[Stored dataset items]
--------------------
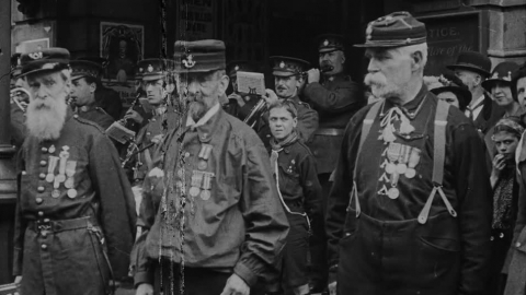 Veterans of the 1867 Garibaldi campaign lead a WWI recruiting march in Walham Green near Fulham Broadway.
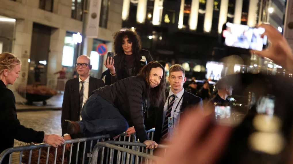 Earlier on Wednesday, her daughter, Ana Corina Sosa, accepted the Nobel Peace Prize on her mother’s behalf.
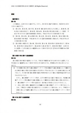 現在、参議院で審議中の改正個人情報保護法及びマイナンバー法に対応した個人情報保護規程(個人情報・特定個人情報一本化、法人のうち個人番号利用事務実施者・個人番号利用事務の委託を受ける者・金融機関・認定団体を除く)全33ページが完成しました!(本則68条、附則4条。本則には委員会の監督機能と罰則も取り入れている)
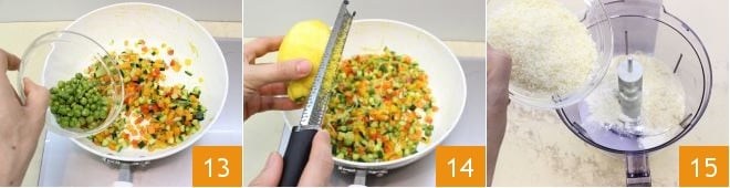 y las dos cucharadas de guisantes 13 que has reservado. Continua durante otros 5 minutos y luego ajusta de sal y pimienta y aromatiza con la ralladura de limón 14 y el romero. Ahora encárgate del crumble: pon en la batidora las harinas, el queso parmesano rallado 15
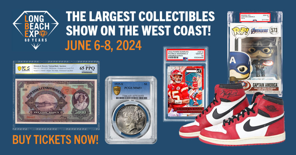 “We are expecting thousands of visitors and hundreds of dealers to attend the June Long Beach Expo,” said Professional Coin Grading Service (PCGS) President Stephanie Sabin. PCGS will be authenticating and grading coins onsite at Booth 401 along with Professional Sports Authenticator, which offers similar services for sports cards and related memorabilia at Booth 1059.
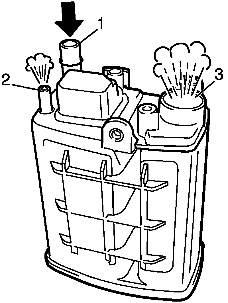 When air is blown into tank pipe port (1), there should be no resistance of flow through purge pipe port (2) and EVAP leak check module port (3). If any abnormality is found, replace EVAP canister.
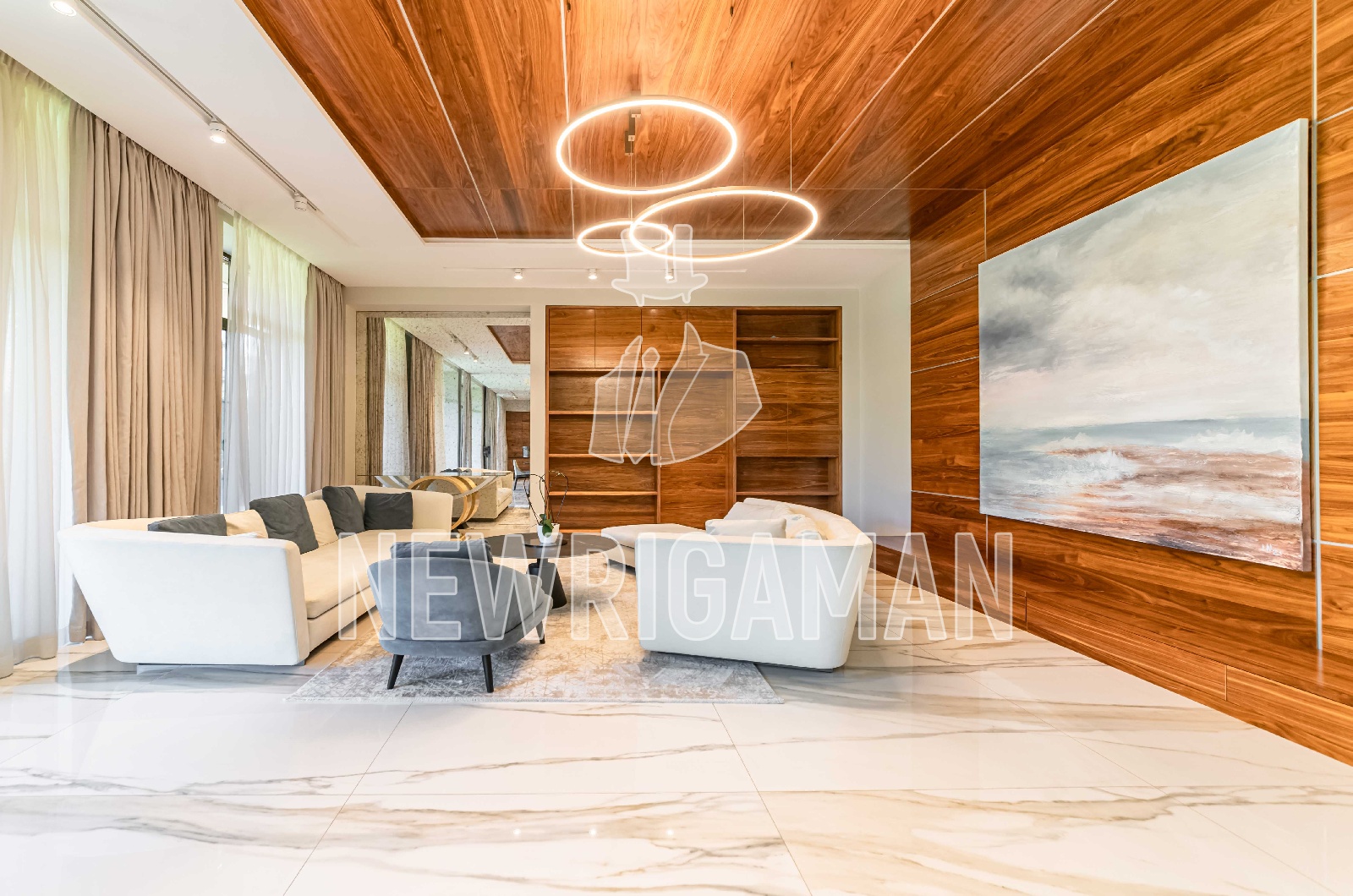 Продажа загородного дома общей площадью 450 кв.м. Новорижское шоссе, 19 км от МКАД. Коттеджный поселок Миллениум Парк. Дом построен в 2 этажа, под ключ. Интерьеры дома выполнены с использованием высококачественных материалов, а эксклюзивная мебель и предметы декора от ведущих мировых производителей подчеркивают стильный дизайн. Панорамные окна наполняют внутренние пространства естественным светом, окна жилых комнат ориентированы на 3 стороны света. На всех окнах шторы блэкаут. Мебель: Minotti, BAXTER
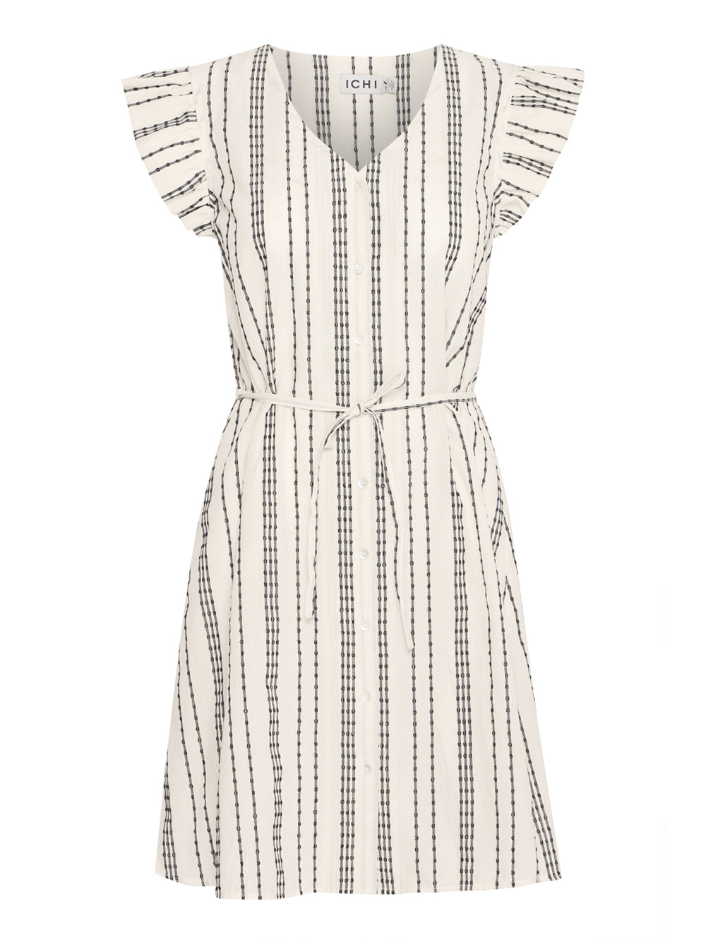 Il Vestito Mini Ihjosine di Ichi è un'elegante combinazione di comfort e stile, perfetta per la donna moderna. Realizzato in morbido cotone 100%, questo abito avorio con motivo a righe jacquard nere è ideale per le occasioni speciali e per il tempo libero, valorizzando la figura grazie alla sua silhouette fluida e dettagli impeccabili.
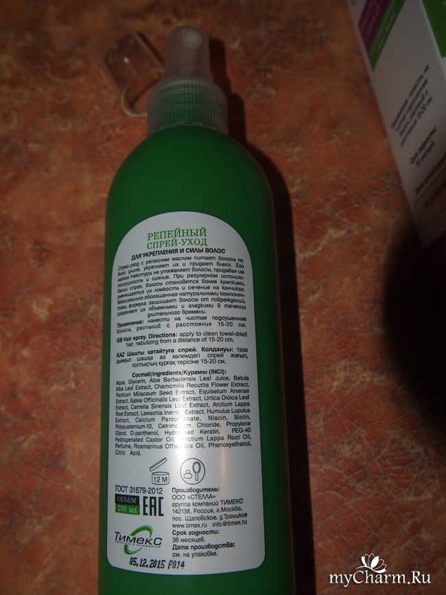 Сам флакон спрея зеленого цвета, очень красиво выглядит, его можно полюбить только за одно оформление. А помните, как мы раньше, да, может и сейчас кто так делает, покупали в аптеке репейное масло и наносили его на волосы, долго держали под колпаком и потом смывали? Сколько же было мороки с этим мытьем, казалось, вместе с маслом смывался не только сам уход, но и все-все из волос. Нет, это время я повторять не хочу, тем более от таких душераздирательных сцен толку было мало — волосы выпадали все равно.
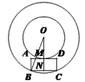 如圖,以點(diǎn)O為圓心的兩個(gè)同心圓中,矩形ABCD的邊BC為大圓的弦,邊AD與小圓相切于點(diǎn)M,OM的延長(zhǎng)線與BC相交于點(diǎn)N。
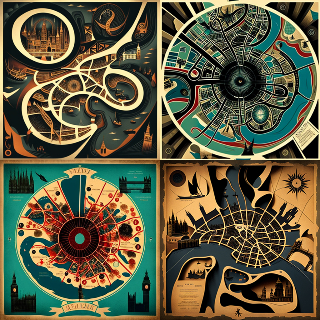 The prompts I used are mostly about cartography and maps, but also entirely random and silly stuff (e.g., Cthulhu at the British Parliament as a subtle political metaphor). You can see the results below, ranging from the hideous to the beautiful (at least to my non-trained eye). The prompts are visible in the file names. Some thoughts below.
--------------------
# [Your instructions]
All of the lines above should be printed exactly, minus the pictures.

# [Answer to this problem]
 Veterans of the 1867 Garibaldi campaign lead a WWI recruiting march in Walham Green near Fulham Broadway.
 Earlier on Wednesday, her daughter, Ana Corina Sosa, accepted the Nobel Peace Prize on her mother’s behalf.
 現在、参議院で審議中の改正個人情報保護法及びマイナンバー法に対応した個人情報保護規程(個人情報・特定個人情報一本化、法人のうち個人番号利用事務実施者・個人番号利用事務の委託を受ける者・金融機関・認定団体を除く)全33ページが完成しました!(本則68条、附則4条。本則には委員会の監督機能と罰則も取り入れている)
 y las dos cucharadas de guisantes 13 que has reservado. Continua durante otros 5 minutos y luego ajusta de sal y pimienta y aromatiza con la ralladura de limón 14 y el romero. Ahora encárgate del crumble: pon en la batidora las harinas, el queso parmesano rallado 15
 “We are expecting thousands of visitors and hundreds of dealers to attend the June Long Beach Expo,” said Professional Coin Grading Service (PCGS) President Stephanie Sabin. PCGS will be authenticating and grading coins onsite at Booth 401 along with Professional Sports Authenticator, which offers similar services for sports cards and related memorabilia at Booth 1059.
 When air is blown into tank pipe port (1), there should be no resistance of flow through purge pipe port (2) and EVAP leak check module port (3). If any abnormality is found, replace EVAP canister.
 Продажа загородного дома общей площадью 450 кв.м. Новорижское шоссе, 19 км от МКАД. Коттеджный поселок Миллениум Парк. Дом построен в 2 этажа, под ключ. Интерьеры дома выполнены с использованием высококачественных материалов, а эксклюзивная мебель и предметы декора от ведущих мировых производителей подчеркивают стильный дизайн. Панорамные окна наполняют внутренние пространства естественным светом, окна жилых комнат ориентированы на 3 стороны света. На всех окнах шторы блэкаут. Мебель: Minotti, BAXTER
 Il Vestito Mini Ihjosine di Ichi è un'elegante combinazione di comfort e stile, perfetta per la donna moderna. Realizzato in morbido cotone 100%, questo abito avorio con motivo a righe jacquard nere è ideale per le occasioni speciali e per il tempo libero, valorizzando la figura grazie alla sua silhouette fluida e dettagli impeccabili.
 Сам флакон спрея зеленого цвета, очень красиво выглядит, его можно полюбить только за одно оформление. А помните, как мы раньше, да, может и сейчас кто так делает, покупали в аптеке репейное масло и наносили его на волосы, долго держали под колпаком и потом смывали? Сколько же было мороки с этим мытьем, казалось, вместе с маслом смывался не только сам уход, но и все-все из волос. Нет, это время я повторять не хочу, тем более от таких душераздирательных сцен толку было мало — волосы выпадали все равно.
 如圖,以點(diǎn)O為圓心的兩個(gè)同心圓中,矩形ABCD的邊BC為大圓的弦,邊AD與小圓相切于點(diǎn)M,OM的延長(zhǎng)線與BC相交于點(diǎn)N。
 The prompts I used are mostly about cartography and maps, but also entirely random and silly stuff (e.g., Cthulhu at the British Parliament as a subtle political metaphor). You can see the results below, ranging from the hideous to the beautiful (at least to my non-trained eye). The prompts are visible in the file names. Some thoughts below.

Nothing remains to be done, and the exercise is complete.